И тут я наконец разревелась.
Щелкнул замок соседской двери. Видимо, Полина устала ждать и пошла за мной. Хмыкнула, увидев нас, и нырнула обратно. Лешка подтянул меня повыше и потащил в квартиру.
— Подожди, — на пороге я соскользнула и подтолкнула его внутрь. — Я сейчас.
Подобрала тапок, шоколадку, нажала кнопку звонка. Полина открыла тут же — наверняка стояла под дверью и смотрела в глазок.
— Извини, — я протянула ей шоколадку. — Боюсь, сегодня не получится.
— Да уж похоже на то, — хихикнула Полина. — Приятного вечера.
Лешка уже успел снять куртку и ботинки.
— А поесть в этом доме дают? — спросил он жалобно. — Извини, Мил, но я голодный, как собака.
Алексей
Когда эта зараза начала ржать, мне захотелось ее убить. С особой жестокостью. Возможно, меня даже оправдали бы. Ну или хотя бы зачли обстоятельства как смягчающие. Вместо этого просто повернулся и пошел на хер.
Идиот, блядь! Переименуем решку в орла! Самого себя переименуй. Алексей «Дебил» Рокотов — в самый раз.
— Леш! — она ломанулась за мной.
Иди ты в задницу, Мила. Смешно ей! Сейчас еще гундеть будешь: не обижайся, но мы же договорились.
Чего я точно не ожидал, так это того, что она повиснет на мне, как мартышка на пальме. А еще меньше — того, что сказала.
Она — чего?!
Хилая надежда, убитая наповал Милкиным хохотом, воскресла и подняла голову. И не только. Кое-что другое тоже привстало — как грубое материальное воплощение этой самой воскресшей надежды.

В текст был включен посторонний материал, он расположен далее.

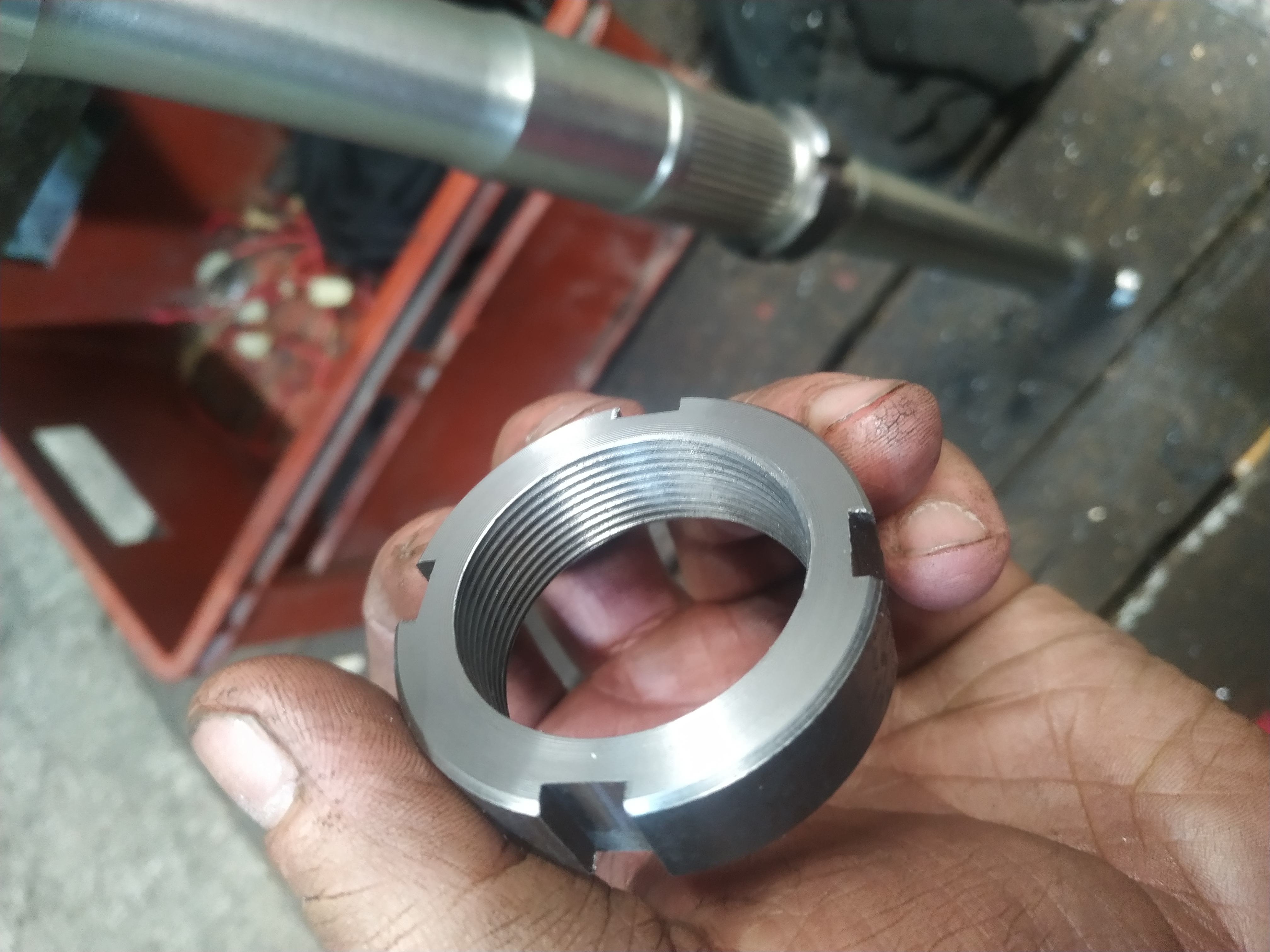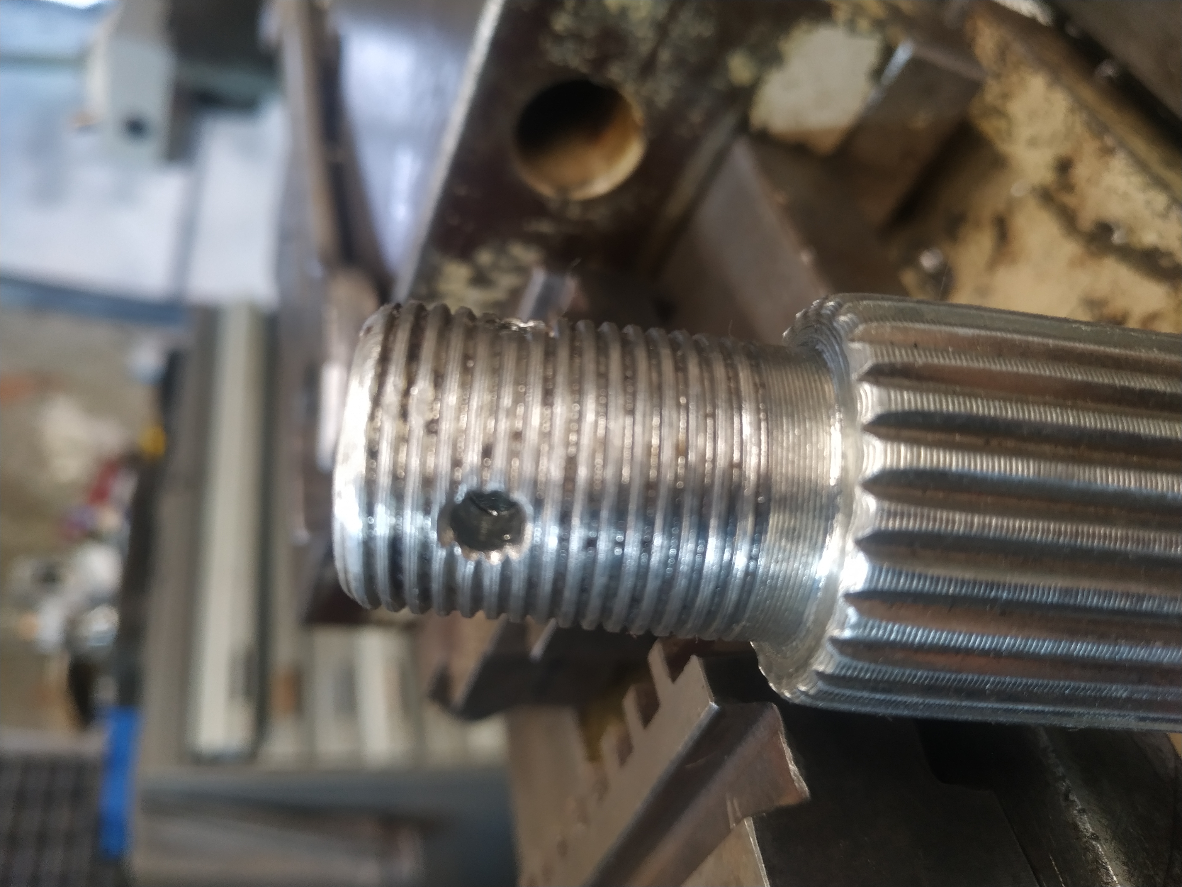 Doniesli mi hriadeľ z ATV matice k tomu nedostal. Tak zmordovane závity som ešte nevidel. Skúšal som všetky mierky jedine čo ako tak pasovalo bol metricky 1.5 MM. Závity vôbec nemali profil. Na spodu kde som robil matice boli ešte horšie ako keby bol od polovice dvojchody. Rozdiel v priemere tak 0,3 MM.

Милка начала шмыгать носом, из соседней квартиры высунулась какая-то стриженая девка в пижамных штанах, и я решил, что пора тащить трофей в нору. В норе одуряюще пахло чем-то съедобным. Я сообразил, что больше недели ел не пойми что и не пойми как. Даже те самые макароны с креветками не доел. Аж в животе заскулило.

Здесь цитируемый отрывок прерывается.